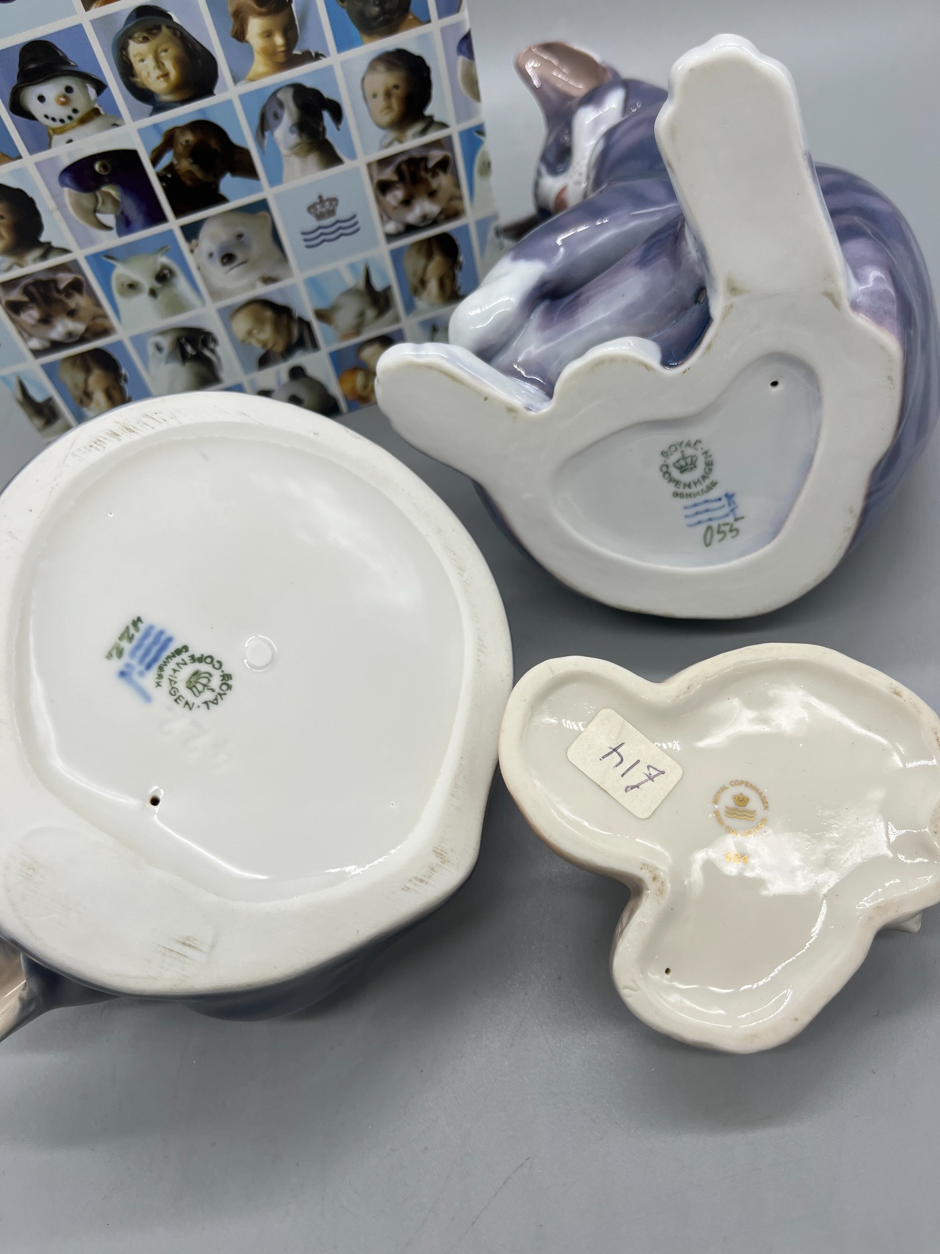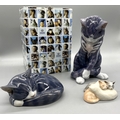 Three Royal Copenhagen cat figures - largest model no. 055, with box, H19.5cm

==

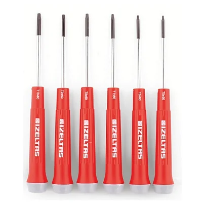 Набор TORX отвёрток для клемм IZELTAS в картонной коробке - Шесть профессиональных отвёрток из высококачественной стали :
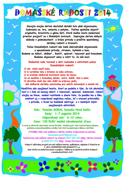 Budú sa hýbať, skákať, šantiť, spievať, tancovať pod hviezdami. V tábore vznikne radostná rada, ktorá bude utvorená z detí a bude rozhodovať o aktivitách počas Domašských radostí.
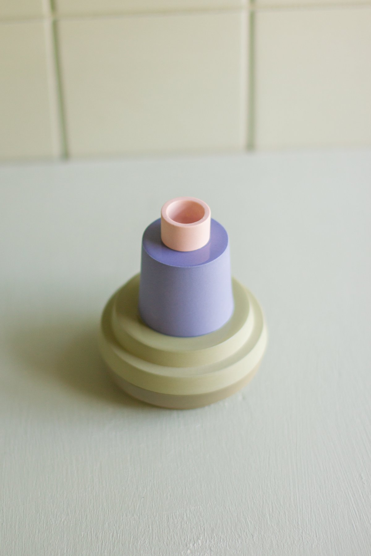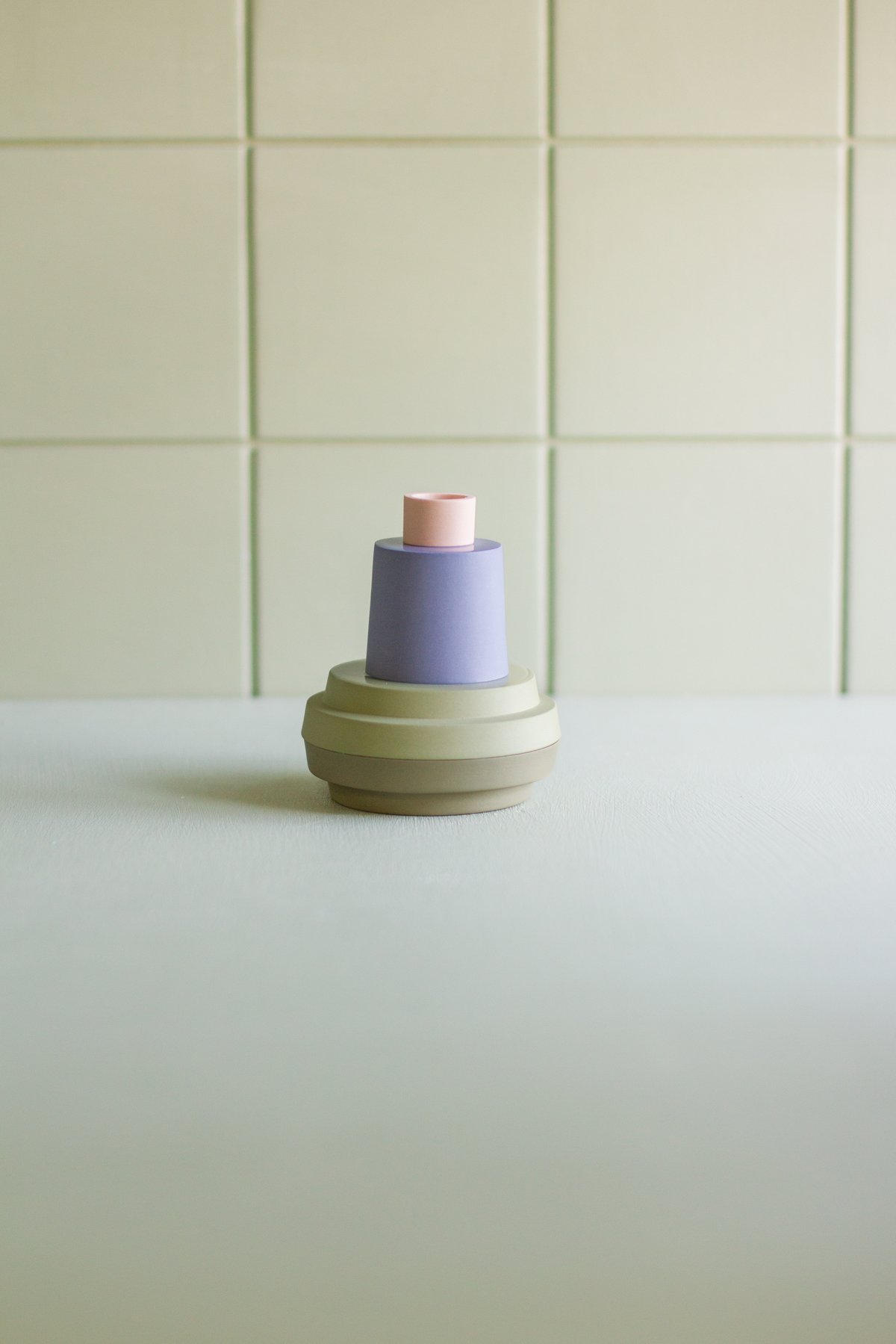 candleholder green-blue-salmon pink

...

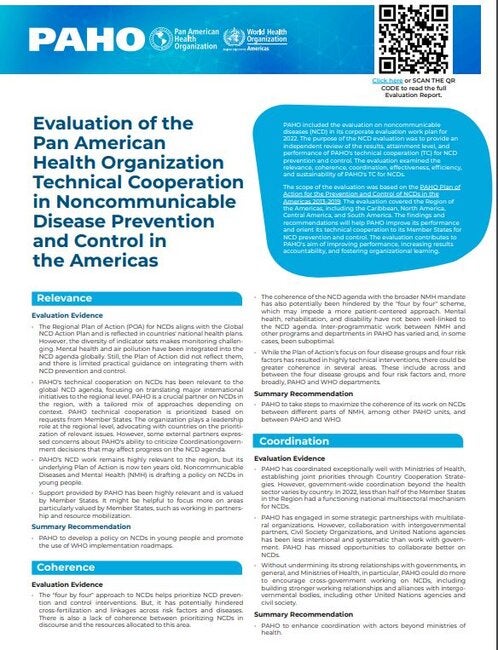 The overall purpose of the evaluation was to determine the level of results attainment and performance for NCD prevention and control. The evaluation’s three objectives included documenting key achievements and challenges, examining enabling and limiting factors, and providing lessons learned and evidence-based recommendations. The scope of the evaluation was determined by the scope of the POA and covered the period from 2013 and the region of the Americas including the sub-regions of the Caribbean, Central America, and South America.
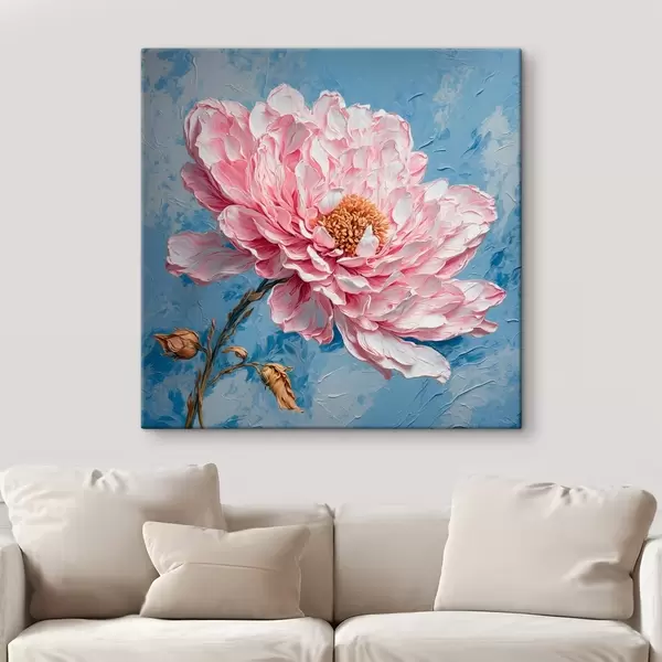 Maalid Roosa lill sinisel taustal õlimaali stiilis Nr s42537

Requirement: Starting at the line above that has "Набор TORX отвёрток" and ending at the line that has "candleholder green-blue-salmon pink", copy each line exactly, leaving the pictures out and adding nothing.

The completed task:
 Набор TORX отвёрток для клемм IZELTAS в картонной коробке - Шесть профессиональных отвёрток из высококачественной стали :
 Budú sa hýbať, skákať, šantiť, spievať, tancovať pod hviezdami. V tábore vznikne radostná rada, ktorá bude utvorená z detí a bude rozhodovať o aktivitách počas Domašských radostí.
 candleholder green-blue-salmon pink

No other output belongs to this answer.